The difference between pre and post trauma thresholds— as assessed by the trauma induced mean absolute threshold increase (Figure 2(b), black)—indicated a somewhat broader effect of the acoustic trauma. The single sample students t-tests of the threshold differences against zero (Bonferroni corrected for multiple comparisons) showed significant effects at the click stimulation (p < 0.001) and the stimulation frequencies of 1000 Hz (p = 0.01), 1414 Hz (p < 0.001), 2000 Hz (p < 0.001), 2828 Hz (p < 0.001), 4000 Hz (p < 0.001), 5656 Hz (p = 0.01) and 8000 Hz (p = 0.01). In other words, the acute trauma effect spreads out up to one octave below the trauma frequency and 2 octaves above the trauma frequency. Note that the absolute magnitude of the effect is strongest at the traumatizing frequency and systematically declines as a function of spectral distance of the test frequency to the traumatizing frequency with a slope of 10.06 dB/octave below and 5.74 dB/octave above the traumatizing frequency (two linear approximations: 0.5 kHz to 2 kHz and 2 kHz to 16 kHz).

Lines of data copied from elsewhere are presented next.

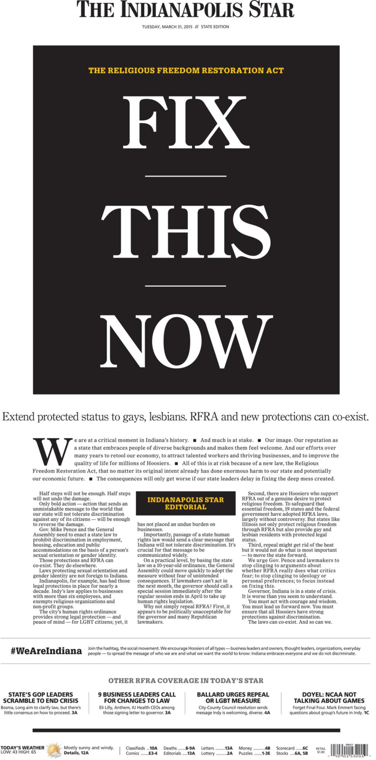 隨著社會矛盾的與日俱增,專業(yè)的媒體們開始更多采用在頭版頭條發(fā)表社論的方式,來讓越來越多重要的議題被提出和重視。《底特律自由新聞》(The Detroit Free Press)在 2008 年用頭版頭條社論希望政府對當?shù)仄嚇I(yè)推出救助方案;《印第安納波利斯星報》(The Indianapolis Star)曾用一整個頭版刊載社論,反對該州宗教改革法案中歧視 LGBT(女同性戀、男同性戀、雙性戀、跨性別者)群體的條文。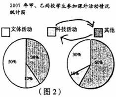 下面两幅统计图(如图l 、图2 ) ,反映了某市甲、乙两所中学学生参加课外活动的情况,请你通过图中信息回答下面的问题。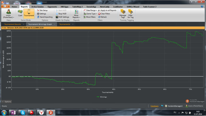 С первого июля вообще не работал над игрой, было некогда((( По итогу откатал сегодня -30,тем самым слил весь рабочий банкролл,вообще не хочу депать с карты,там осталось кеша ровно до конца лета. В принципе за последние 3 месяца я выиграл среднюю зарплату за 3 месяца. Чет я переосмыслил узнав из внутри эту кухню,никогда больше не буду стремиться сделать покер к единственным источником дохода. Тем самым ты перестаешь развиваться в других направлениях и самое главное ты перестаешь получать удовольствие от игры. Но и никогда не перестану играть и развиваться в этом направлении. Ну и график мой с первого дня с работы с Холдэм Менеджером
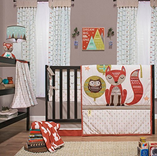 Clever Fox 4 Piece Set includes embroidered quilt, dust ruffle, fitted crib sheet, and diaper stacker; all fabrics are 100% jersey knit cotton, providing an especially soft feel for your baby, 100% jersey knit cotton fabrics will make the 30 by 40 inch quilt your baby's favorite tummy-time blanket; the intricate embroidered appliques provides interesting textures for her to explore, The fitted crib sheet, also of 100% cotton, has all-around elastic and deep pockets so that it will fit safely and securely every time to a standard 52 by 28 inch crib mattress, Extra-long crib skirt, featuring a full 17 inch drop, will assure that your crib looks fully "dressed" even when the mattress is at its highest setting; beautiful colors of tan and burnt orange are perfectly highlighted by a subtle blue and white print, Beautiful modern design incorporates creative geometric patterns within the contemporary woodland creatures to yield a truly stunning look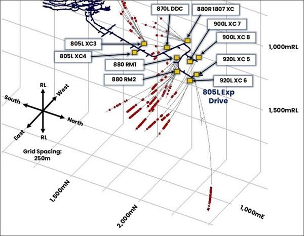 The drilling completed from the mid-section of the 805L Exploration drive (Crosscuts 3 and 4) focused on upgrading the data density of the Inferred Mineral Resource reported in MRE announced by the Company on 18 No vember 2025 (November 2025 MRE).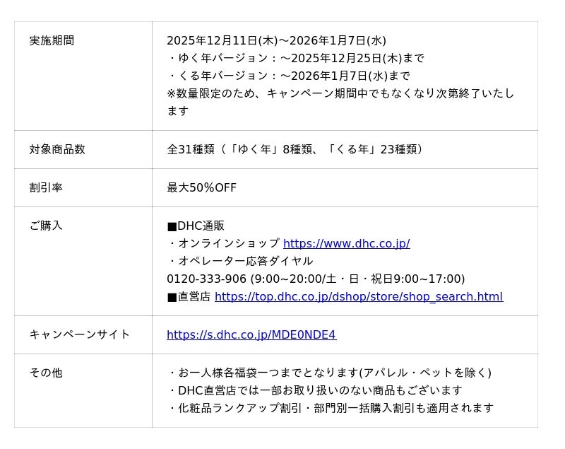 今年は、「ゆく年」「くる年」の2つのバージョンをご用意しました。期間中、DHC通販および全国の直営店にて、“中身がわかる福袋”を、数量限定で販売いたします。売切れ御免の福袋、年末年始も美しく健やかに、この機会をぜひご活用ください。

3.3. Auditory Startle Response Dependence on Stimulus Intensity

To assure that the stimulus intensity of the pure tones used for ASR evoked reproducible startle responses at all frequencies we tested different startle stimulus intensities, ranging from 40 to 100 dB SPL in 4 animals (group TC) before and after induction of an acoustic trauma. We choose this small number of animals, as this experiment was only meant to assure the function of our setup before and after the trauma. Before the trauma the two factorial ANOVA shows a significant increase of normalized response amplitude as a function of stimulus intensity averaged over all frequencies (F(6, 1557) = 69.63, p < 0.001) as well as a significant dependency on the stimulation frequency across all stimulus attenuations (F(5, 1557) = 4.05, p = 0.001). In other words, the normalized response amplitude is dependent on the stimulation frequency and the stimulus intensity. The significant interaction of stimulation frequency and intensity (F(30, 1557) = 2.28, p < 0.001) is depicted on the left side of Figure 3(a) (blue). The white area gives the intensities at which the responses at the different stimulation intensities showed no significant differences between each other in the Scheffe posthoc tests (“baseline” = piezo output without any response to the startle stimulus). The lighter gray area shows the intensity (80 dB) at which 5 out of the 6 mean responses showed significant differences from the baseline in the Scheffe tests. Finally the darker gray area indicates those stimulus intensities (90 to 100 dB) where all 6 responses where significantly different from the baseline and also from each other in the Scheffe tests. Note that also the response at 100 dB is significantly different from the responses at 90 dB, indicating a further increase in response amplitude at 100 dB stimulus intensity.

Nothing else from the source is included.